MAN launches lube oil degradation monitor

Malcolm Latarche

Malcolm Latarche · 07 February 2020


MAN Energy Solutions has developed an intelligent constant monitoring device that detects degradation and contamination of lube oil in four stroke engines, turbomachinery and auxiliary equipment.

MAN Energy Solutions reports that the fluid monitor has recorded over 18,000 test hours on pilot industrial sites, complies with CE standards and has been certified by Bureau Veritas marine applications. It has also received its very first order for third-party equipment in the Pacific region.

The MAN Fluid Monitor for lube oil is a light and robust system developed by MAN Energy Solutions to meet the needs of the owners of industrial installations where lube-oil quality is a critical setting. It enables owners to actively monitor – on an ongoing basis – the degradation and contamination of lube oil and protect their industrial assets. Already proven in the field, the fluid monitor immediately detects even the tiniest anomalies in the lube-oil systems of four stroke engines, turbomachinery and auxiliary equipment.
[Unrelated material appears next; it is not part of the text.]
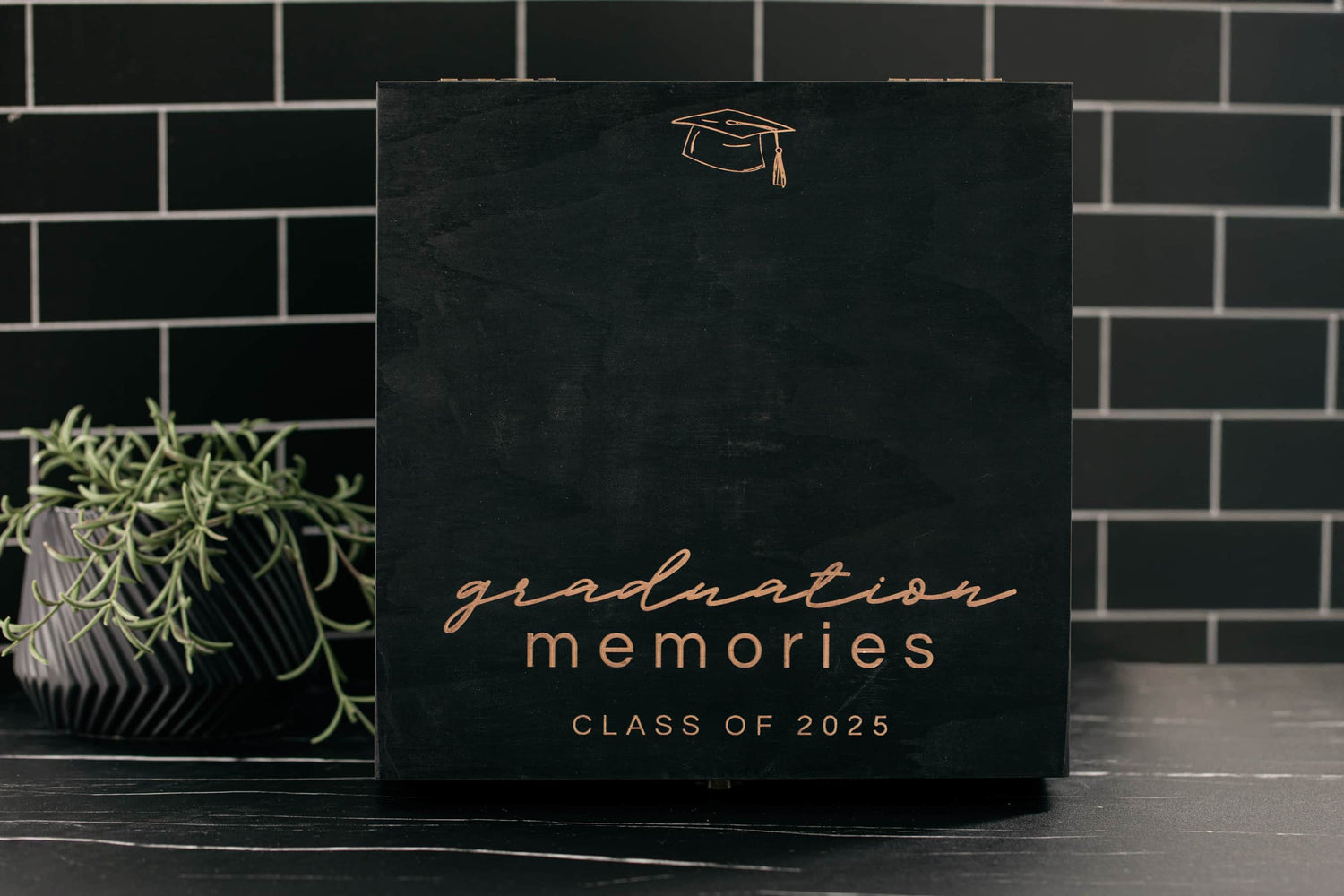 Large Wood Memory Box for seasonal occasions. Engraved as a graduation keepsake box for photos. Box is available in natural, walnut, grey and black.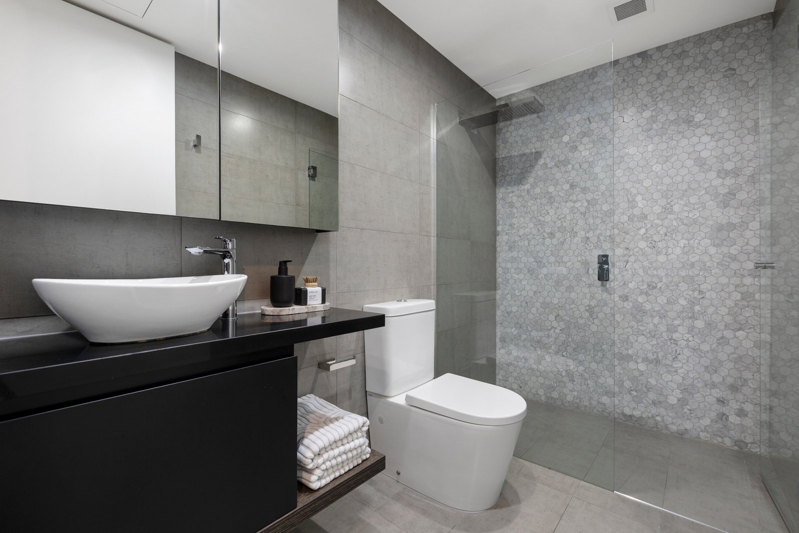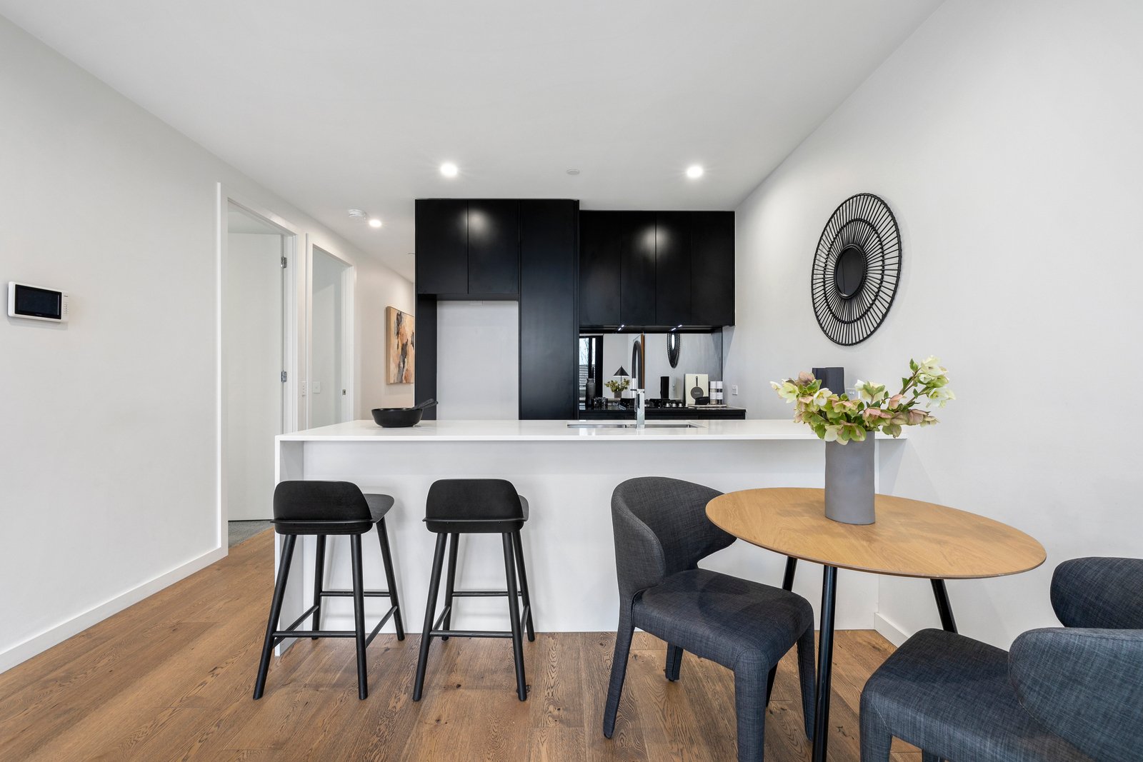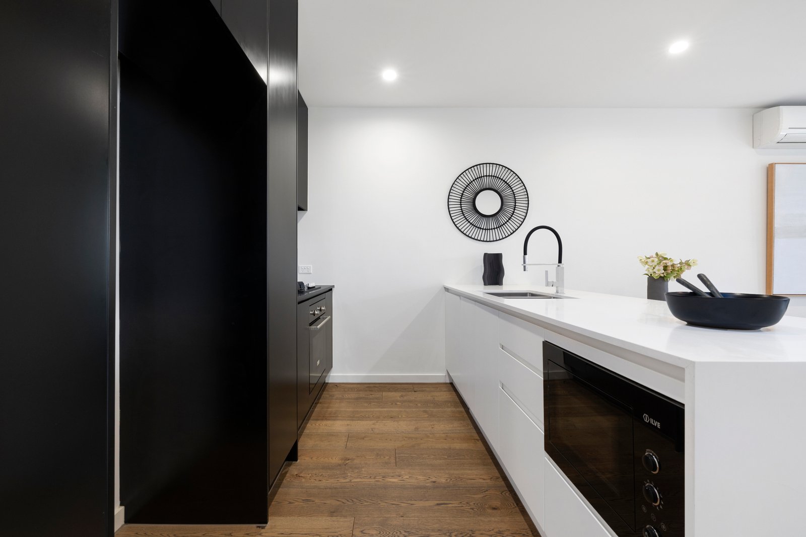 Desirably secure and easily accessible with a lift up to the home and down to the basement carpark, the layout features a distinct entrance hall creating separation from the light-filled living area. Offering a generous space for living and dining, this zone flows from the striking monochrome kitchen equipped with premium Ilve appliances and topped with stone. Here there is a relaxed breakfast bar for easy meals while outside, the alfresco balcony offers room to unwind in the in the fresh air and boasts a sunny northerly aspect.

Arnauld Filancia, Vice-President within MAN Energy Solutions, said, “We know that lube oil is the life blood of an engine and that 70% of major damage reveals lube-oil contamination. We wanted to develop a global monitoring solution capable of conforming to the demands of all rotating machines – such as four stroke engines, and turbomachinery – and whatever the application, whether it be marine, power plants, or anything else. This new product is the result of targeted research on the operational security and is part of MAN Energy Solutions’ continuing effort to design easy-to-implement solutions that enhance installation performance and security.”

Filancia added that the innovative system is currently subject to the filing for patent.

Used alongside laboratory analyses, MAN Fluid Monitor for lube oil alerts operators with alarms and stop recommendations as soon as it detects a degradation in lube-oil quality, thereby revealing minor wear of mechanical parts. This swift detection of anomalies, especially important during such sensitive engine phases as restarts where 50% of damage occurs, allows the operator to anticipate maintenance, protect major components, and identify part-wear before breakdown, in the process maximising machine availability.